The Standard has learned that plans are being drawn up by Transport for London and local authorities to scrap four of the busiest in an attempt to cut down on congestion and make roads safer to use for motorists, pedestrians and cyclists.
They are Tottenham Court Road and Gower Street, the Wandsworth one-way system, the Kender Street Triangle in New Cross and Brook Street.
Piccadilly, St James’s Street and Pall Mall are being returned to two-way in a £14 million project by Westminster council, TfL and Crown Estates. Other one-way systems that have recently been scrapped include Trafalgar Square, Aldgate, Tottenham Hale and Brixton Hill.
Experts today said the move was a general shift in policy away from one-way systems with some councils banning the building of new one-way streets altogether.
Head of the New London Architecture Centre, Peter Murray, said: “One-way streets reflect the dominance of the car and the failed go-faster policies of the traffic engineers.
“As we begin to realise that walking and cycling should be the dominant forms of transport, the one-way street should be consigned to the dustbin of history.”
A spokesman for London Councils, which represents all the boroughs in London, said: “A lot of gyratory systems were built in the Sixties and it is timely to review them. Two-way streets make journeys easier for drivers and keep more traffic on the main road and out of side streets.”
Martin Low, city commissioner of transportation for Westminster council, added: “It’s an outdated view to say that one-way is better.
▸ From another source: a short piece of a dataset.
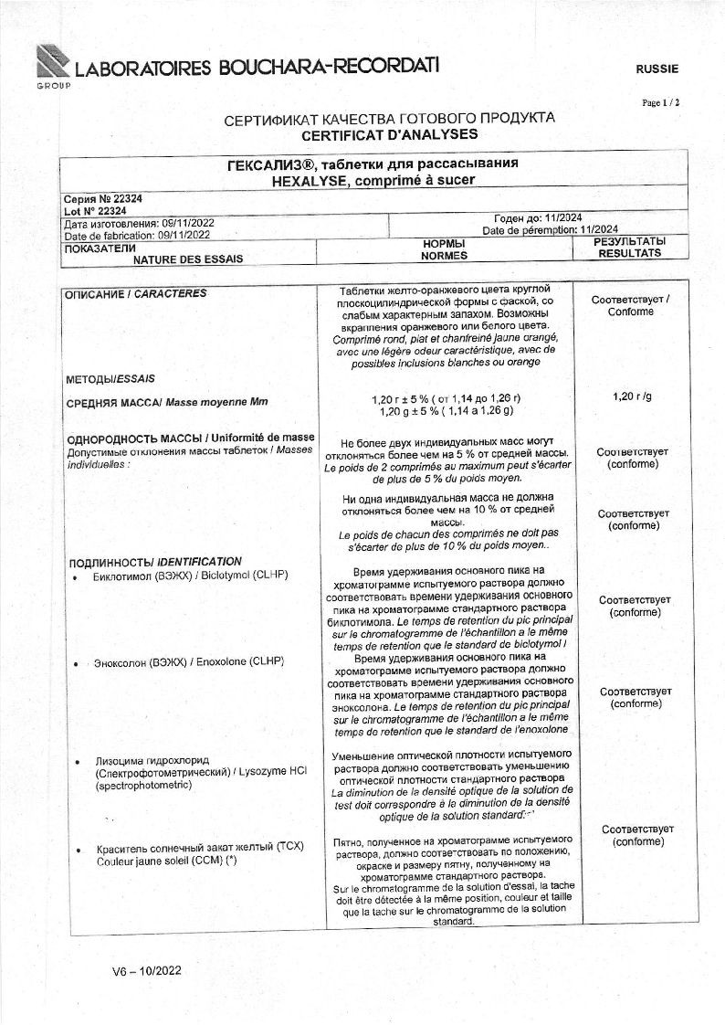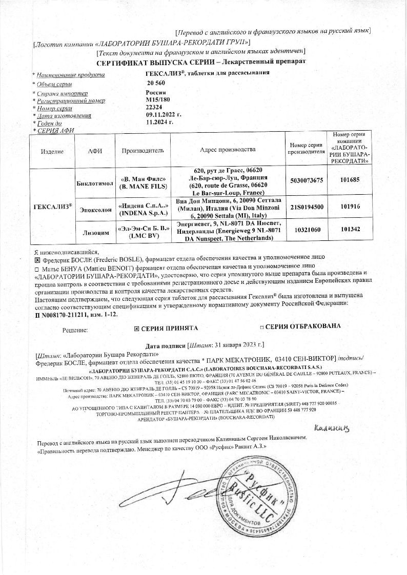 Гексализ производится французской фармацевтической компанией Laboratoires Bouchara-Recordati в виде таблеток, предназначенных для рассасывания. Они круглые, плоскоцилиндрические, оранжево-желтые, со скошенными краями. На изломе таблетки неоднородные, с белыми и оранжевыми включениями. От них исходит своеобразный приятный запах, усиливающийся при рассасывании. Первичной упаковкой Гексализа являются металлизированные блистеры, вторичной — плоская картонная коробка с подробной инструкцией по применению.

Westminster’s general policy is to make as many streets as possible to be two-way working.”
He added that plans to return Baker Street and Gloucester Place back to two-way streets would be considered after the Olympics.
RAC spokesman, John Franklin, said: “One-way systems like the one in Wandsworth cause logjams, frustrate motorists and with all traffic going in the same direction there is a danger of driving too quickly.”
Plans for the £41 million overhaul of the Wandsworth system are being held up as they await ministerial approval.
Kulveer Ranger, the Mayor of London’s transport adviser, said: “In some areas going back to two-way traffic can make simple common sense and help smooth the flow of traffic.”
A TfL spokesman said: “Where it is beneficial for all road users, TfL is keen to remove one-way gyratory systems along the TfL road network.”